### Source material
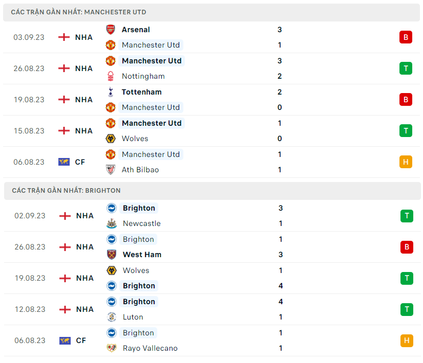 Mùa trước, Brighton chính là đội duy nhất đánh bại MU tại Old Trafford, ngay trong trận ra mắt của HLV Erik ten Hag ở Premier League. Cho dù đã thay HLV từ Graham Potter sang De Zerbi, đồng thời chia tay một số ngôi quan trọng như Caicedo, Mac Allister nhưng Brighton không hề suy yếu. Ngược lại, họ càng chơi càng hay và thường xuyên giành chiến thắng với lối chơi tấn công mãn nhãn.
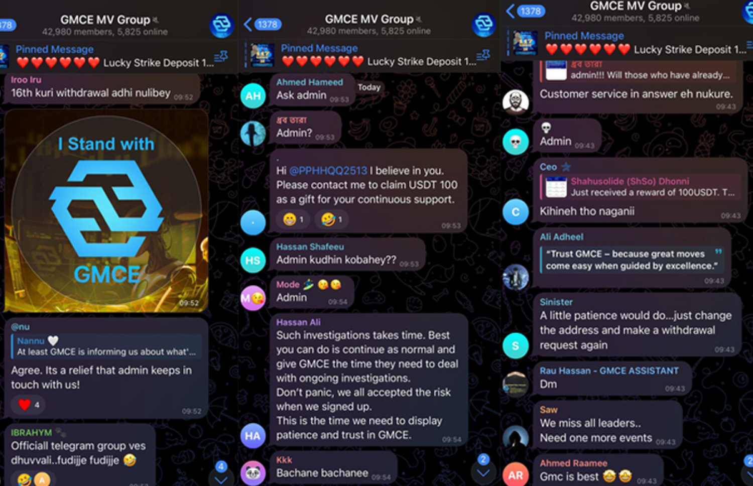 A Telegram group used by GEMCUE investors in Maldives has more than 41,000 members. Group members said that withdrawal requests have suddenly stopped being processed. Some claimed that administrators have “fled,” while others tried to reassure members that funds would be returned, asking them to remain calm and “trust the system.”
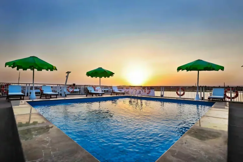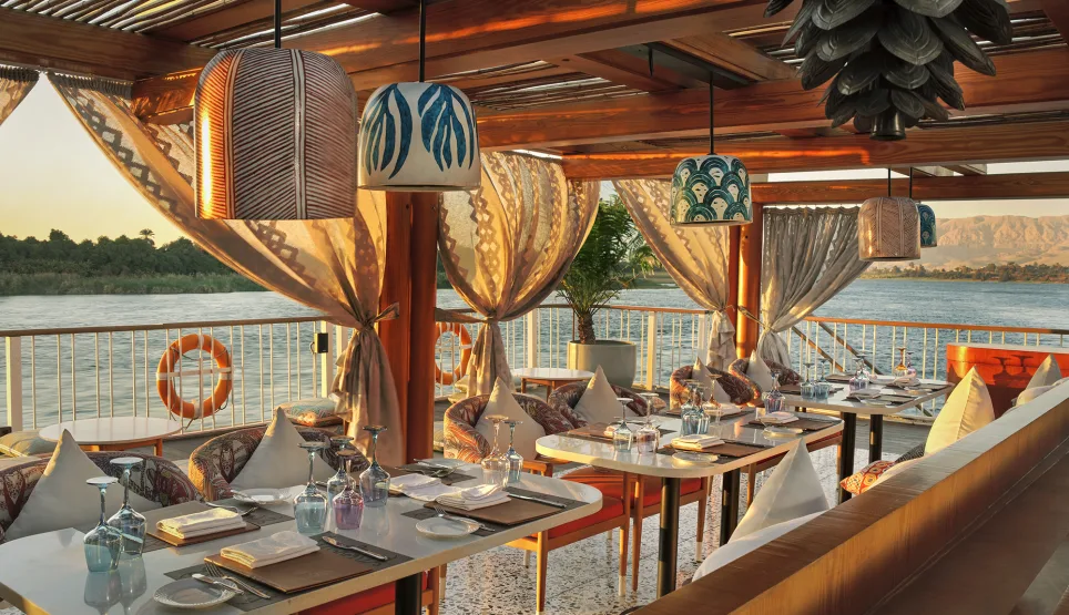 ’s Avonds sluit je je aan bij de bemanning buiten voor een viering van lokale gebruiken met de kans om een Galabeya, traditionele Egyptische kleding, aan te trekken en te proosten op de rijke cultuur en geschiedenis van de Nijlvallei.
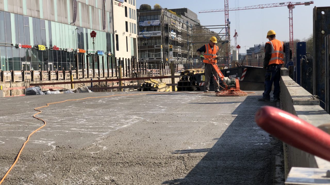 In Summe waren rund 60 Betonmischer nötig, um rund 1.000 Tonnen Beton in die Kriegsstraße zu bringen. Gleichzeitig wurden rund 150 Tonnen Bewehrung verbaut. Die jetzt hier verbaute Decke ist fast 400 Quadratmeter groß und ist bis zu 1,10 Meter dick.
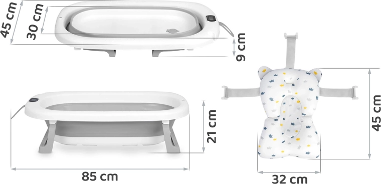 Składana konstrukcja z rozkładanymi stabilnymi nogami i antypoślizgowymi stopkami zapewnia pewność nawet na śliskiej podłodze. Dzięki kompaktowym wymiarom po złożeniu wanienkę łatwo przechowasz lub zabierzesz w podróż. Praktyczny uchwyt na słuchawkę prysznicową ułatwia napełnianie bez chlapania, a dno z odpływem przyspiesza opróżnianie.

### Your goal
Repeat the data above exactly, but not the pictures.

### Task solution
 Mùa trước, Brighton chính là đội duy nhất đánh bại MU tại Old Trafford, ngay trong trận ra mắt của HLV Erik ten Hag ở Premier League. Cho dù đã thay HLV từ Graham Potter sang De Zerbi, đồng thời chia tay một số ngôi quan trọng như Caicedo, Mac Allister nhưng Brighton không hề suy yếu. Ngược lại, họ càng chơi càng hay và thường xuyên giành chiến thắng với lối chơi tấn công mãn nhãn.
 A Telegram group used by GEMCUE investors in Maldives has more than 41,000 members. Group members said that withdrawal requests have suddenly stopped being processed. Some claimed that administrators have “fled,” while others tried to reassure members that funds would be returned, asking them to remain calm and “trust the system.”
 ’s Avonds sluit je je aan bij de bemanning buiten voor een viering van lokale gebruiken met de kans om een Galabeya, traditionele Egyptische kleding, aan te trekken en te proosten op de rijke cultuur en geschiedenis van de Nijlvallei.
 In Summe waren rund 60 Betonmischer nötig, um rund 1.000 Tonnen Beton in die Kriegsstraße zu bringen. Gleichzeitig wurden rund 150 Tonnen Bewehrung verbaut. Die jetzt hier verbaute Decke ist fast 400 Quadratmeter groß und ist bis zu 1,10 Meter dick.
 Składana konstrukcja z rozkładanymi stabilnymi nogami i antypoślizgowymi stopkami zapewnia pewność nawet na śliskiej podłodze. Dzięki kompaktowym wymiarom po złożeniu wanienkę łatwo przechowasz lub zabierzesz w podróż. Praktyczny uchwyt na słuchawkę prysznicową ułatwia napełnianie bez chlapania, a dno z odpływem przyspiesza opróżnianie.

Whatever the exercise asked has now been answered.